В отличие от других дверей, за которыми ночная кабинетная жизнь бурлила и пенилась, за этой было тихо. К дорогому массиву мореного дуба банальными канцелярскими кнопками был безжалостно прикноплен лист писчей бумаги, сверху донизу исписанный крупными горбатыми каракулями.
Постучал – не отозвались, громче постучал – снова тишина в ответ, повернул золотую ручку – закрыто.
И только после этого перевел взгляд на листок и всмотрелся в него, вчитываясь:
«Неизвестному господину, с кем имел честь познакомиться на выставке “Икоты” и имя которого, к стыду своему, забыл.
Простите великодушно, что ушел раньше назначенного времени, но почему-то думаю, что поймете меня и простите.

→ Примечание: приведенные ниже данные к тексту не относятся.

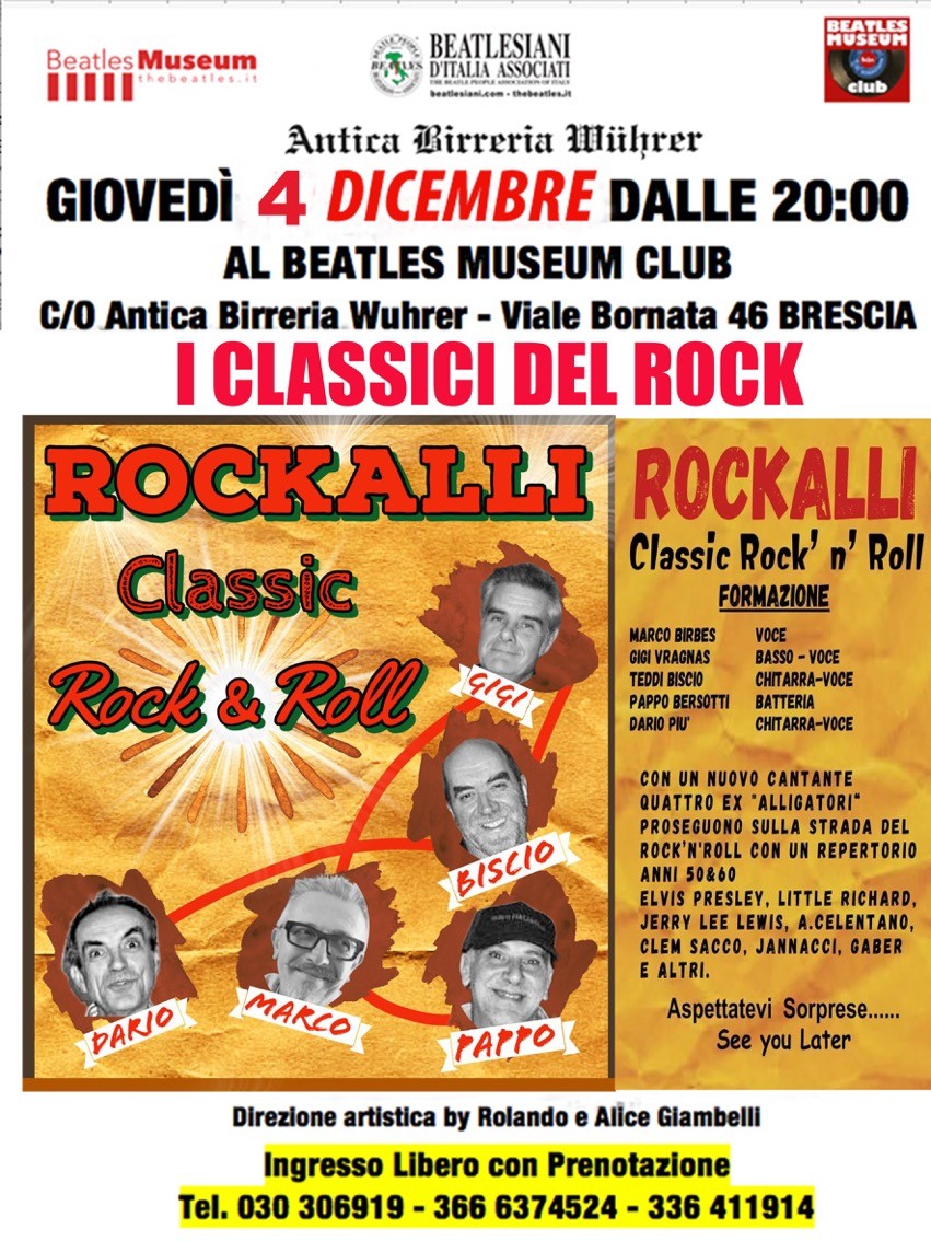 Il gruppo “Rockalli” (ex Alligatori, storico gruppo bresciano), ritornano in concerto al Beatles Museum Club, presso l’Antica Birreria Wuhrer, giovedì 4 dicembre, con un nuovo cantante i quattro ex ALLIGATORI proseguono sulla strada del rock ‘n roll, con un repertorio anni ‘50-’60 -Elvis Presley, Little Richard, Jerry Lee Lewis, A. Celentano, Clem Sacco, Jannacci , Gaber ed altri.

Тешу себя надеждой, что Вам в Вашем вопросе жизни и смерти может кто-нибудь еще помочь, а моему старине Хэму, кроме меня, никто помочь уже не может. Это мой кот, сибиряк, ему двенадцать лет, и час назад он попал под машину. Сейчас он лежит на операционном столе, поэтому я должен быть с ним. От этого его бесценная для меня жизнь может оборваться, а может и продолжиться. В глубине души надеюсь, что Ваш вопрос благополучно разрешился, но если это не так, если еще нужна моя помощь, можете оставить на этом листке свой мессэдж в виде телефона, адреса или какой другой зацепки, благодаря которой я мог бы с вами связаться.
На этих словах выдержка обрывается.